Give the listing back in full, exactly as written, with the pictures removed.
#### Data below
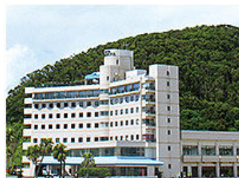
ホテルシーズン日南
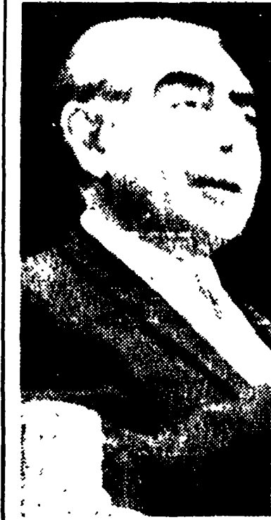
Il primo ministro Amin
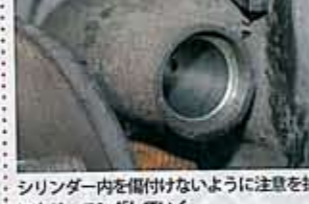
これがリアドラム内にあるホイールシリンダー。外側よりも内部が汚れているとかなりマズイ。
########
Answer to the problem
ホテルシーズン日南
Il primo ministro Amin
これがリアドラム内にあるホイールシリンダー。外側よりも内部が汚れているとかなりマズイ。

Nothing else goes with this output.